After five days of negotiations, following 146 days of striking, the WGA and the AMPTP have reached a tentative deal for a new three-year mutual bargaining agreement between screenwriters and the studios. The deal is still “subject to drafting final contract language”, per a statement WGA leadership sent to their members Sunday night, but there’s no reason to expect major changes from what they’ve already agreed upon. The negotiations over the weekend were to address the final sticking points between the two groups—writers’ room staffing levels, and concerns about AI in the industry.

 

The next steps are for the WGA negotiating committee to vote on recommending the agreement, which then sends it to the WGA East and West boards for approval. That vote is penciled in for Tuesday, allowing for observance of Yom Kippur through Monday evening. Following the East and West approvals, the guild members then vote on ratification. During this interregnum, the strike is still active, though the WGA leadership told members that picketing is now suspended. It could take the rest of the week to fully settle the issue, but it is now a matter of mere days before the writers’ strike is over.

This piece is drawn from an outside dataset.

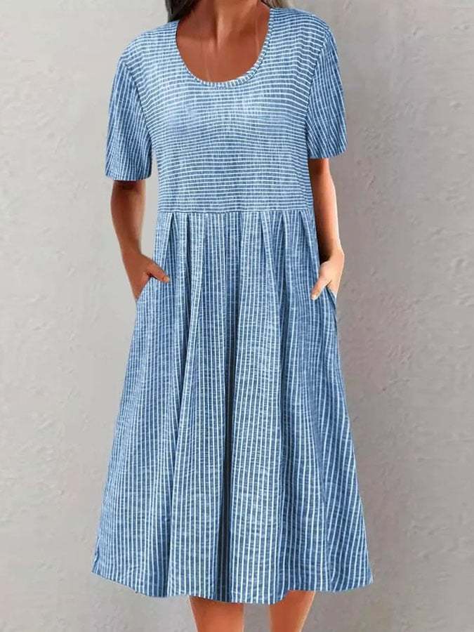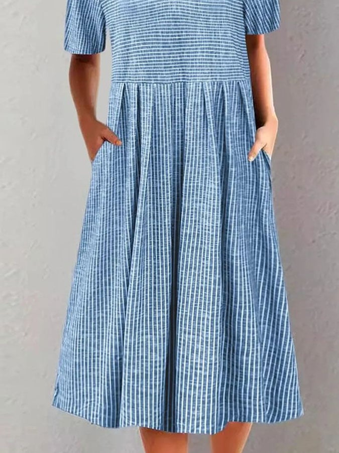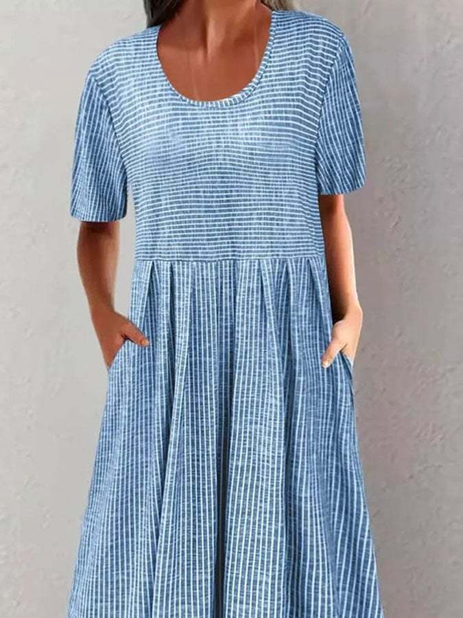 Women's Casual Round Neck Short Sleeve Striped Print Dress

The exact contents of the deal aren’t yet known, but in their message to their membership, the WGA negotiating committee called it “exceptional”, with “gains and protections for writers in every sector of the membership”. At bare minimum, I hope it’s a better deal than the directors got, which left gaping holes around guaranteed residuals and AI protections.

 

As for the SAG-AFTRA strike, that continues, and their leadership congratulated the WGA while urging the AMPTP to get back to negotiations with them. Though the writers will soon be back to work, it does appear they will be encouraged to continue picketing in support of the actors, just as actors showed up on WGA picket lines for weeks before their own strike kicked off earlier this summer. This has been a moment of labor solidarity not seen in the entertainment industry since 1960, and it seems no one is willing to squander the goodwill. Also, while writers can get the wheels of filmmaking back in motion, no one can shoot anything, in the US, at least, without SAG-AFTRA, so productions will remain virtually shut down until the actors’ strike is resolved.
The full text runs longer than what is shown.